L'Union des Métiers et des Industries de L'Hôtellerie a réuni des restaurateurs des Pyrénées-Orientales au pied du Castillet ce mercredi matin. L'objectif : exprimer leur mécontentement face aux grandes inconnues liées à leur reprise d'activité.


L'opération #Atable a été vue et entendue ce mercredi matin au centre-ville de Perpignan. L'Union des Métiers et des Industries de L'Hôtellerie des Pyrénées-Orientales a rassemblé de nombreux restaurateurs au pied du Castillet. Après les mots forts du président Hervé Montoyo, les professionnels de la restauration ont déposé leurs toques et tabliers pour exprimer leur désarroi. Ces derniers se retrouvent face au manque de directives claires du gouvernement quant à la réouverture de leurs établissements.
 

Le grand flou de la reprise

"Chef d'entreprise c'est prévoir, et là nous allons devoir travailler dans l'urgence. Ce n'est pas sérieux ! L'Etat nous aide à remplir le réservoir mais il nous manque les roues au véhicule", exprime avec colère Hervé Montoyo le président de l'UMIH 66. En effet, toute la profession attend avec impatience les annonces du premier ministre Edouard Philippe qui doit se prononcer ce jeudi au sujet la deuxième phase de déconfinement. Elle comprend la réouverture des restaurants, bars et cafés, qui ne veulent pas revivre la précipitation de leur fermeture. 

"Le gouvernement nous a forcé à fermer le 14 mars au soir. On nous a prévenu à 19h45 qu'on devait fermer nos établissements avec toute la marchandise et tout ce qui allait un samedi soir à minuit. Et aujourd'hui, on devait nous informer sur le cahier des charges et sur les délais de la réouverture mardi dernier, et ça a été reporté à jeudi. On est toujours dans l'inconnue. On va nous faire rouvrir comme on nous a fait fermer" explique Brice Sannac, président des restaurateurs au sein de l'UMIH 66 (également hôtelier-restaurateur à Banyuls-sur-Mer).
 

Brice Sannac, président des restaurateurs au sein de l'UMIH 66


"Il y a encore beaucoup d'interrogations.
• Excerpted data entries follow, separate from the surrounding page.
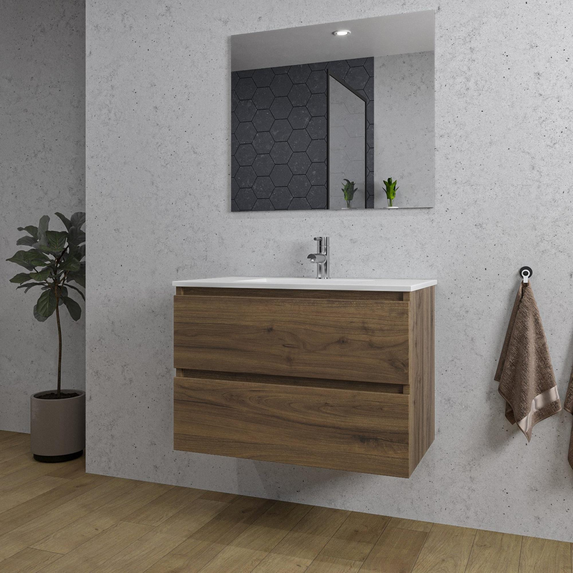 Saniclass Chaci Ensemble meuble de salle de bains - 80x46x55cm - lavabo en céramique blanc - 1 vasque - 1 trou de robinet - 2 tiroirs - miroir rectangulaire - noyer (bois)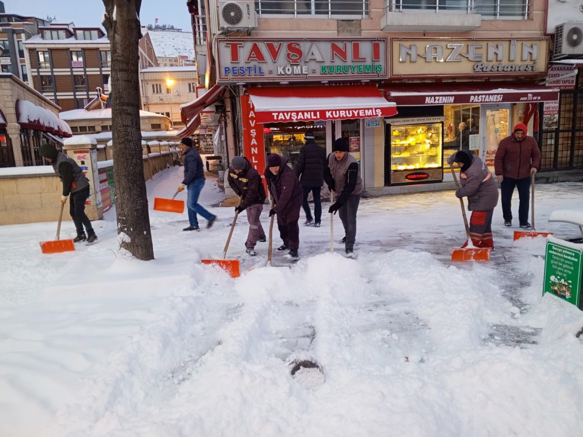Gece boyu devam eden karla mücadele çalışmaları, gündüz saatlerinde de hız kesmeden sürdü. Ekiplerimiz bir yandan kaldırımlar ve merdivenlerde kar küreme çalışmaları yaparken, diğer yandan farklı noktalarda kar temizliği ve tuzlama faaliyetlerine devam ediyor.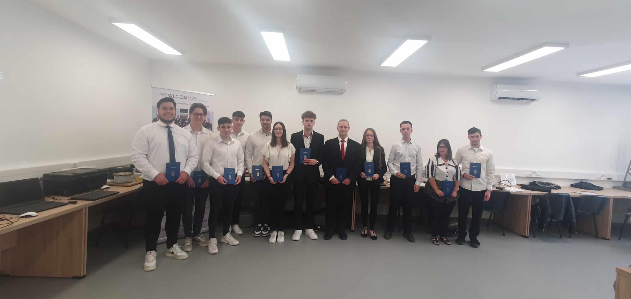 Iskolánk és a metALCOM Zrt. együttműködésében megvalósuló 2 éves, nappali tagozatos távközlési technikus duális képzés végzős hallgatói a mai napon jeles és jó eredménnyel tettek sikeres záróvizsgát. Az évfolyam tagjai már korábban is nagyszerűen teljesítettek, gondoljunk csak az OSZTV 8. helyére vagy “Az én távközlésem” versenyen aratott győzelemre. Az ünnepélyes bizonyítványosztás alkalmával a cégtől állásajánlatok is várták a fiatalokat, akik közül a diplomaszerzés után többen itt képzelik el a jövőjüket. A végzetteknek és a felkészítésben legnagyobb szerepet vállaló oktatóknak, Ágoston Csabának és Vincze Mihálynak szeretettel gratulálunk! 👏

La distance entre les tables, les 100 kilomètres, quelques détails importants qui ne sont pas traités", ajoute Jean Plouzennec, le président des Toques Blanches du Roussillon. À quelques jours de la reprise, c'est donc l'inquiétude qui prédomine pour toute la profession. "Un côté un peu anxyogène de ne pas avoir de directives claires, des dates qui ont été un peu lancées au couteau, et des difficultés à comprendre ce qui allait nous arriver" nous dit Anthony Beaugrand, gérant et chef du "Comptoir de Papa Ours" à Perpignan.
 

Les 100 km au coeur des interrogations

Et si l'impatience se ressent, c'est aussi parce que c'est la saison d’été qui se joue pour ces professionnels. Les touristes français viendront-ils en nombre ? Tout dépend de l'élargissement de la limite des déplacements à 100 km pour Brice Sannac. "Le problème c'est le manque de visibilité. Si demain le gouvernement dit, voilà, à partir du 2 juin, il n'y a plus la barrière des 100 km. Très bien, les gens pourront se projeter. Là actuellement, les clients se projettent un peu sur le mois de juillet, beaucoup sur le mois d'août, et sur les mois de septembre, octobre, je pense qu'on pourra faire une belle arrière saison. Mais l'arrière saison ne fera pas tout."

En attendant que l'Etat "lève les barrières", l'ensemble des restaurateurs présents ce mercredi se disent tout de même "prêts" à accueillir leurs clients en toute sécurité. 

 

À noter que le rassemblement organisé par l'UMIH a été fait dans le respect des règles sanitaires. Pendant le discours du président du syndicat, les restaurateurs ont été appelés à s'unir par groupe de 10 personnes et ont ensuite été invités à regagner leurs établissements.